2020 - New natural agonists of the transient receptor potential Ankyrin 1 (TRPA1) channel
Port-a-Patch publication in Nature Scientific Reports (2020)
Legrand C., Merlini J.M., de Senarclens‑Bezençon C., Michlig S.
Nature Scientific Reports (2020) doi.org/10.1038/s41598-020-68013-2
The transient receptor potential (TRP) channels family are cationic channels involved in various physiological processes as pain, inflammation, metabolism, swallowing function, gut motility, thermoregulation or adipogenesis. In the oral cavity, TRP channels are involved in chemesthesis, the sensory chemical transduction of spicy ingredients. Among them, TRPA1 is activated by natural molecules producing pungent, tingling or irritating sensations during their consumption. TRPA1 can be activated by different chemicals found in plants or spices such as the electrophiles isothiocyanates, thiosulfinates or unsaturated aldehydes.
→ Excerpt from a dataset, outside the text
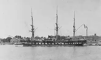 On 18 November 1889, Dubourdieu was recommissioned to deploy to the Pacific station, replacing the cruiser Duquesne as the flagship there. The ship's arrival was delayed when engine damage forced her to return to Cherbourg for repairs on 15 February 1890. She departed again on 10 April.[5] The ship sailed south through the Atlantic, rounded Cape Horn, and made calls in a series of ports along the way, including in Chile, Peru, and the Hawaiian Kingdom, before reaching Tahiti in French Polynesia.[1] After arriving in the Pacific, she operated with the unprotected cruisers Volta and Champlain.[8] From 30 June to 23 July 1891, the ship was dry docked at the Mare Island Naval Shipyard for repairs to her stern.[4] During the early 1890s, the ships were primarily responsible for patrolling the French colonies in the Pacific. She remained in the area into 1893; by that time, the unit also consisted of the unprotected cruisers Duguay-Trouin and Duchaffault.[9] Later that year, Dubourdieu was recalled to France, where she was placed in reserve through 1895.[5]

TRPA1 has been as well associated to various physiological mechanisms like gut motility, inflammation or pain. Cinnamaldehyde, its well known potent agonist from cinnamon, is reported to impact metabolism and exert anti-obesity and anti-hyperglycemic effects. Recently, a structurally similar molecule to cinnamaldehyde, cuminaldehyde was shown to possess anti-obesity and anti-hyperglycemic effect as well. We hypothesized that both cinnamaldehyde and cuminaldehyde might exert this metabolic effects through TRPA1 activation and evaluated the impact of cuminaldehyde on TRPA1. The results presented here show that cuminaldehyde activates TRPA1 as well. Additionally, a new natural agonist of TRPA1, tiglic aldehyde, was identified and p-anisaldehyde confirmed.